(Given material Opens)

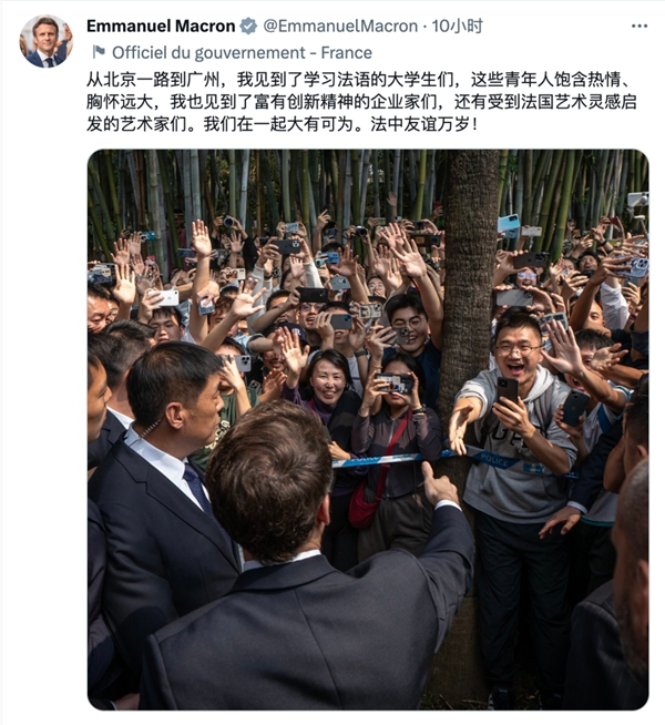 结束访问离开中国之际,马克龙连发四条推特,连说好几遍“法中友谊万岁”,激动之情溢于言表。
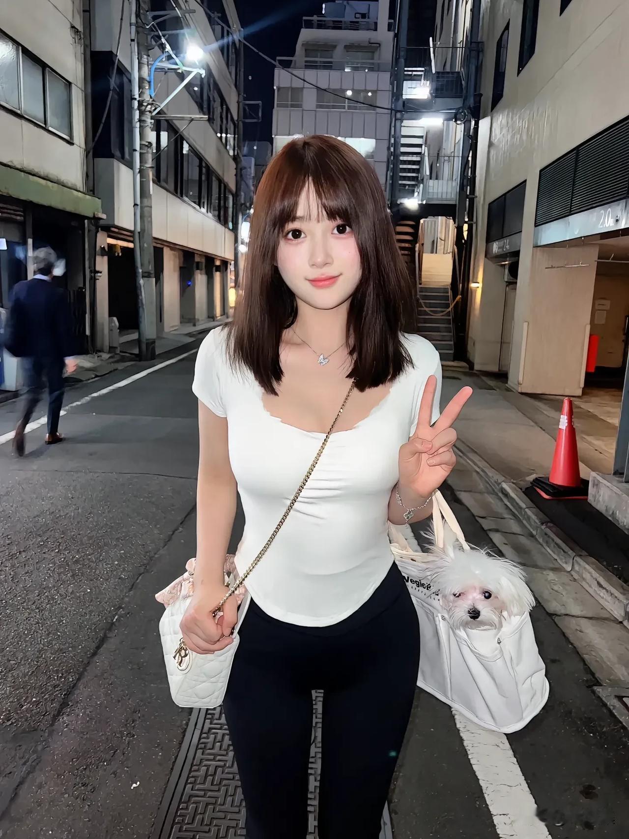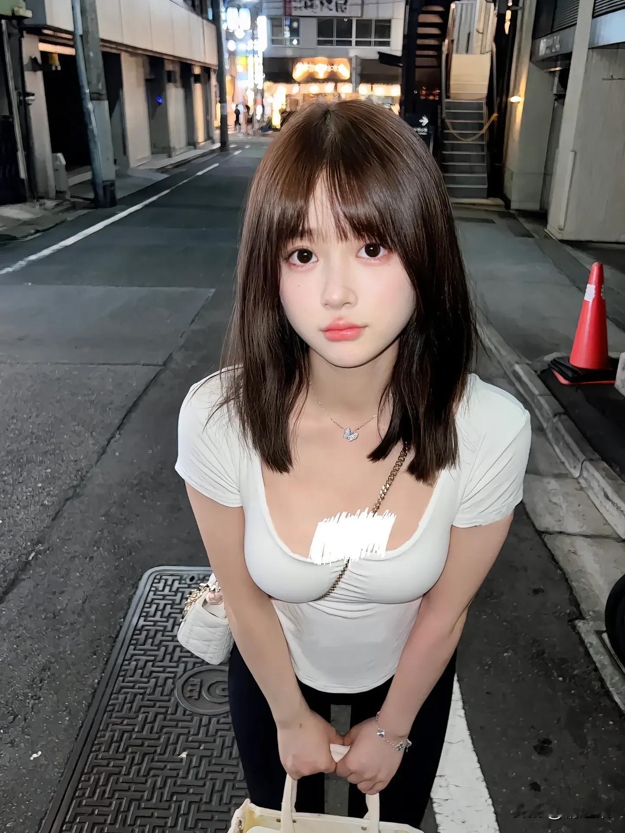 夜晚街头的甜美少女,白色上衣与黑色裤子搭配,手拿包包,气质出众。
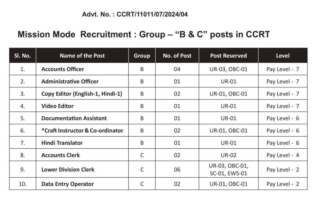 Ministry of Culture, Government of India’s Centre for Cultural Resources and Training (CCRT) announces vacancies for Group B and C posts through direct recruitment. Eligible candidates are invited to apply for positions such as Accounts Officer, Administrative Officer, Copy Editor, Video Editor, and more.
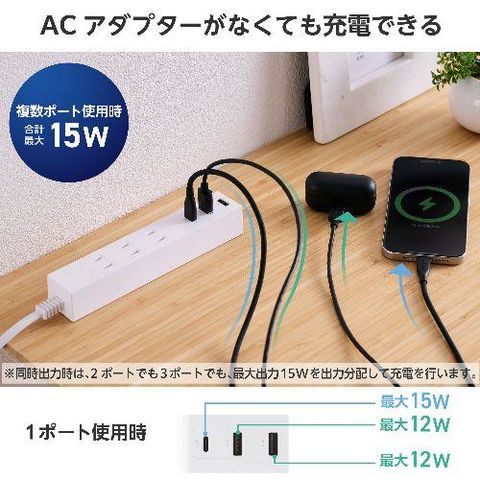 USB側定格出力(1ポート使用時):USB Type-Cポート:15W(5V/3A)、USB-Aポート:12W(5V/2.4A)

(Given material Closes)

- **Exercise brief**: Transcribe the lines that run from the line bearing "Ministry of Culture, Government" through the last line of the data. Keep the wording exact and leave out every picture.

- **Result**:
 Ministry of Culture, Government of India’s Centre for Cultural Resources and Training (CCRT) announces vacancies for Group B and C posts through direct recruitment. Eligible candidates are invited to apply for positions such as Accounts Officer, Administrative Officer, Copy Editor, Video Editor, and more.
 USB側定格出力(1ポート使用時):USB Type-Cポート:15W(5V/3A)、USB-Aポート:12W(5V/2.4A)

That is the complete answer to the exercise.